Слева от зимника, в болотинке, в перемерзших осоках вспорхнула тундрянка. Сергей сразу же насторожился, стал пристально всматриваться в белесый мрак.

"Испугалась кого-то, подумал он с тревогой, – кто-то потревожил и вспугнул тундровую куропатку. Зря так всполохливо она не взлетела бы". И, пристально вглядевшись в убегающий вдаль зимник, Сергей заметил метрах в ста от себя мятущегося по дороге зверя. Он проделывал какие-то странные виражи, метался то вправо, то влево, но навстречу Сергею не бежал. Сергей остановился, снял с правой руки рукавицу, сунул ее в карман, вынул из чехла нож и шагнул навстречу зверю.

"Росомаха. Огромная. Чуть поменьше медведя, – мелькнуло в сознании, – будет схватка. Смертельная. Или я, или она…"

На востоке низкое небо начало заметно сереть. Там, на Большой Земле всходило солнце и занимался новый день. Здесь же, в заполярье, темный свод небес чуть-чуть просветлился и снова померк. Эта мысль мелькнула в голове Сергея, и он подумал: "Новый день. А не последний ли он для меня?"

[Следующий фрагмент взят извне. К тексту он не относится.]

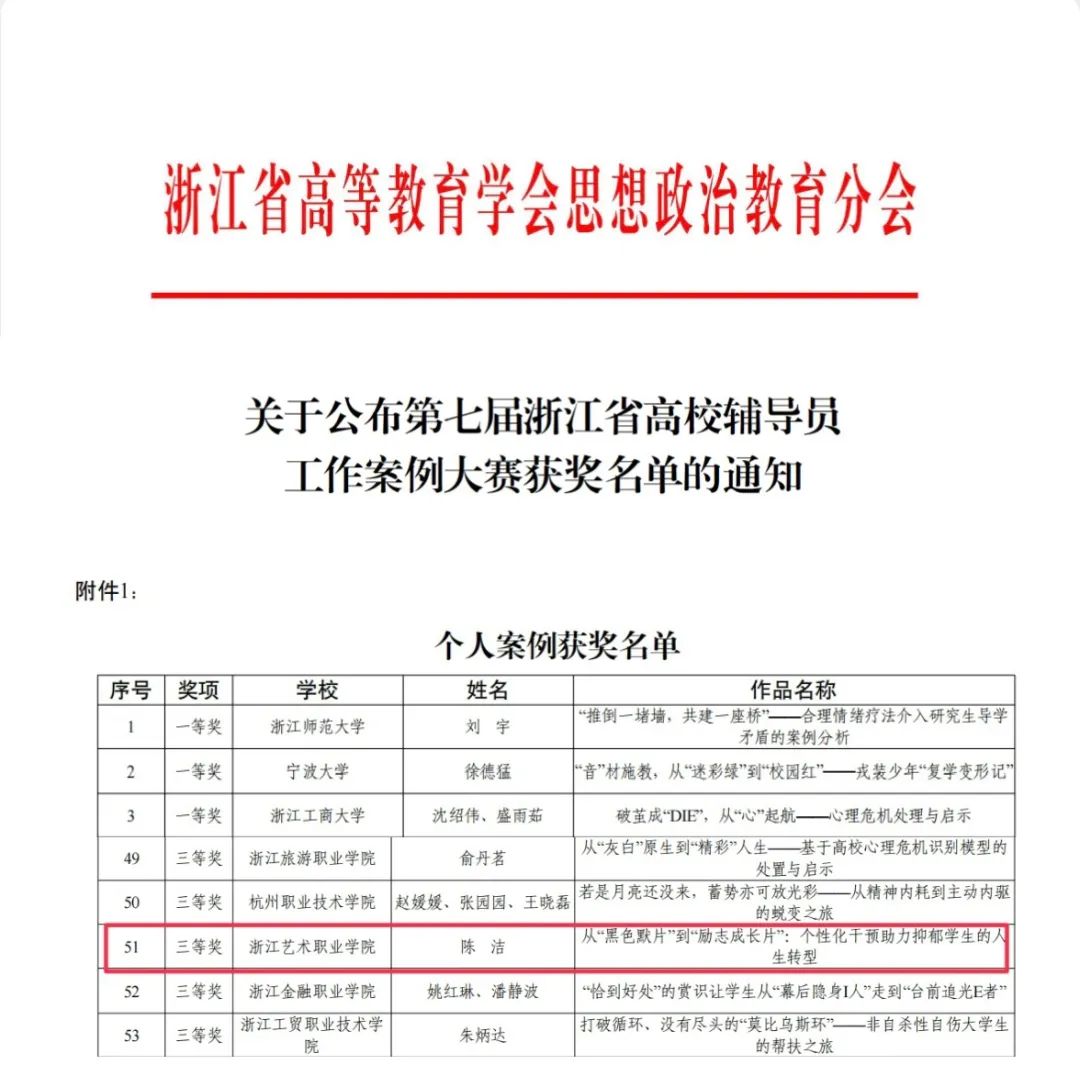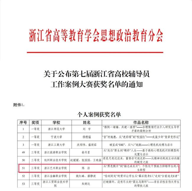近日,浙江省教育廳宣傳教育與統(tǒng)戰(zhàn)處、浙江省高等教育學(xué)會思想政治研究分會公布第四屆浙江省高校網(wǎng)絡(luò)教育優(yōu)秀作品大賽和第七屆浙江省高校輔導(dǎo)員工作案例大賽獲獎名單,我校輔導(dǎo)員獲得二等獎1項,三等獎2項的好成績。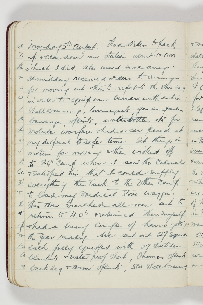 Had orders to pack up & close down our station about 10 A.M. which I did. Also issued some drugs. At midday received orders to arrange for moving out & then to report to the other camp in order to equip our bearers with extra shell dressing, tourniquets, gas ampoules, bandages, splints, waterbottles etc for mobile warfare & had a car placed at my disposal to save time. Set things in motion for moving & then wisked off to H.Qs Camp where I saw the Colonel & satisfied him that I could supply everything then back to the other camp to load my medical store waggon.
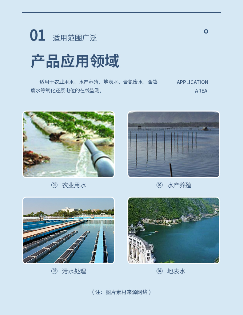 適用于農(nóng)業(yè)用水、水產(chǎn)養(yǎng)殖、地表水、含氰廢水、含鉻廢水等氧化還原電位的在線監(jiān)測。
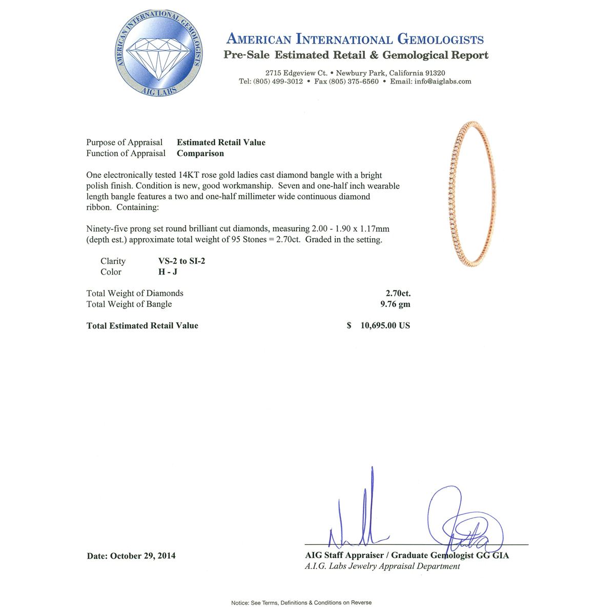 One electronically tested 14KT rose gold ladies cast diamond bangle with a bright polish finish. Seven and one-half inch wearable length bangle features a two and one-half millimeter wide continuous diamond ribbon. Condition is new, good workmanship. Containing: Ninety-Five prong set round brilliant cut diamonds, measuring 2.00 - 1.90 x 1.17mm (depth est.) approximate total weight of 95 Stones = 2.70ct. Graded in the setting. Clarity: VS-2 to SI-2. Color: H - J. Total Weight of Diamonds 2.70ct. Total Weight of Bangle 9.76 grams. AIG Appraised at $10,695.00.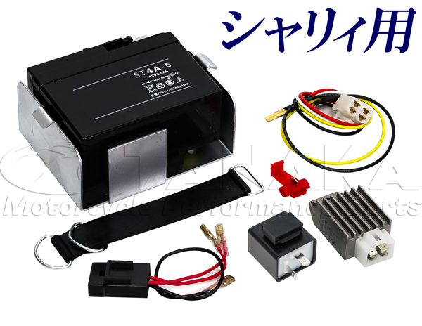本商品は6Vエンジンの電装品を簡単に12V化するコンバージョンフルセットキットになります。電装を12V化することにより様々な12V用オプションなどを装着することが可能です。バッテリーとシャリィ用オリジナルバッテリーケースまで付属いたしますので、到着後そのままお使いいただけるKITとなっております。(電球類は12V用を別途ご用意ください。)バッテリーには純正モンキーと同サイズのタイプを採用!6Vバッテリーケースをそのまま利用した小型バッテリーKITと違い、バッテリー上がりの心配もなくご利用していただけます。 【適合車種】 6vシャリィ【セット内容】・12Vバッテリー(ロットによってロゴが変わる場合があります)・シャリィフレーム専用設計バッテリーステー(日本製)・LED専用ウインカーリレー(12.8v MAX10w)・レギュレーター・専用配線・簡易説明書【注意事項】こちらのキットはLEDウインカー専用品となります。電球バルブ(バルブタイプウインカー)をご利用の場合は【CA1356】をご購入下さい。 6V CDI点火のエンジンを搭載している車両には【1357】(6Vシャリィ用12Vエンジン換装 ハーネスフルセット)をご利用ください。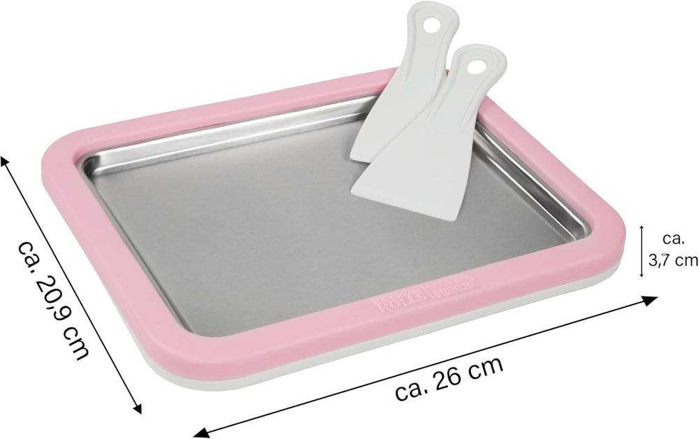 - Lieferumfang: 1 STONELINE Ice Cream Rolls Maker, ca. 26 x 20,9 cm, Höhe ca. 3,7 cm, Masse Eisplatte ca. 21,3 x 16,3 cm; 2 Spatel; 1 Gebrauchsanleitung mit Rezepten; Material Platte: Edelstahl, Spatel: Kunststoff; Farbe Platte: Rosa, Spatel: weiss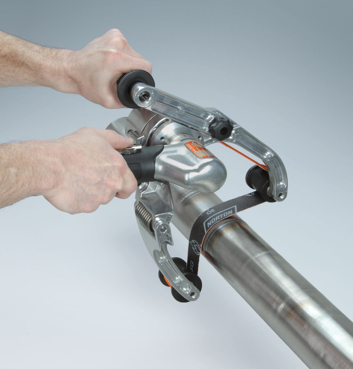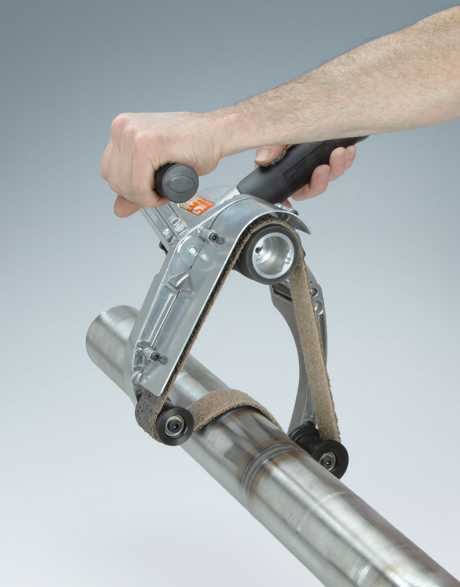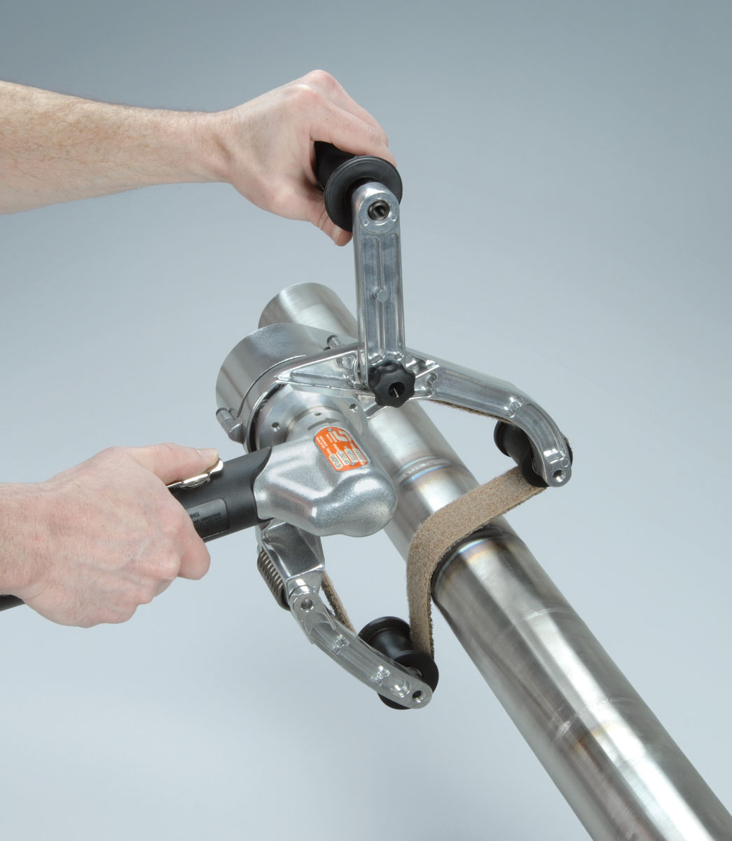 - Air-powered Pipe Belt Finisher achieves top-quality finishes on rounded surfaces in record time! Sand, blend, surface condition, polish and finish on metals such as stainless steel and aluminum. An essential tool for metal and railing fabrication, plus pharmaceutical equipment, food industries and more!

Не дойдя до росомахи метров пять, Сергей остановился. Остановилась и росомаха. Человек и зверь с минуту стояли один против другого, готовые каждую секунду броситься друг на друга в смертельном броске. Стояли и смотрели один другому в глаза. Круглые зеленые глаза росомахи горели недобрым угрожающим огнем. Сергей чувствовал, что рука с ножом замерзает. Еще несколько секунд молчаливого поединка и он погиб – нож выпадет из руки. Страха, того животного страха, присущего всему живому и который испытывает человек перед смертельной опасностью, у Сергея совершенно не было. Он чувствовал это каким-то подсознанием. Если бы у него появился страх, то цела его были бы плохи. Он наоборот чувствовал в себе тайное сознание своего превосходства. своего могущества перед этим хищным и коварным зверем, властелином тундры. Сергей видел во взгляде хищника, что сейчас, в это мгновение, в эти секунды поединка с человеком он не чувствовал себя властелином. В глазах зверя мелькнул страх. Это Сергея безумно обрадовало, и он с готовностью ждал броска. В следующую секунду ему пришла мысль первому сделать этот бросок на зверя. Он шагнул шаг вперед и изогнулся, готовясь к броску. Росомаха сделала шаг назад и тоже замерла, напружинилась. прошла еще секунда. Сергей сделал еще один шаг. И вдруг еще раз пристально и совсем уже не зло зверь взглянул в спокойные и твердые глаза человека, сделал стремительный бросок в сторону от зимняка, потрусил легкой рысцой и вскоре скрылся в темени. Сергей во всю силу своей глотки прокричал вдогонку.

– Чао, росомаха! Чао!

И сам поразился этому своему крику. Он не только не употреблял никогда в своей речи, не любил, он глубоко презирал это словно из лексикона людей другого мира, другой жизни, людей, с которыми он никогда не общался да и желания к этому никогда не испытывал. Он глубоко презирал этих людей. Так, вероятно, уходя на работу в свой институт, говорит сей час своей молодой жене бывший муж Зины, обидевший, осквернивший чистую душу, оскорбивший большую любовь: "Чао, Меэри!" или "Чао, Кэтти!" А тут вдруг сам, не понимая почему произнес его, прокричал вслед удаляющейся росомахе. Прокричал громко и торжественно, с нескрываемой, распирающей все его существо радостью это, на его взгляд дурное и вульгарное слово. Определенные слои нашего общества привыкли почему-то как обезьяны перенимать все чужое, чао – итальянское приветствие и прощание, а у нас есть свои слова, русские. Но здесь в заполярной тундре в шестидесяти- градусный мороз и декабрьский мрак слово это приобретало для Сергея совершенно иной смысл, несло в себе иную, более емкую и более глубокую мысль, а мысль не приходит сама по себе, она всегда рождается, вытекает из душевного состояния человека, рождается чувством.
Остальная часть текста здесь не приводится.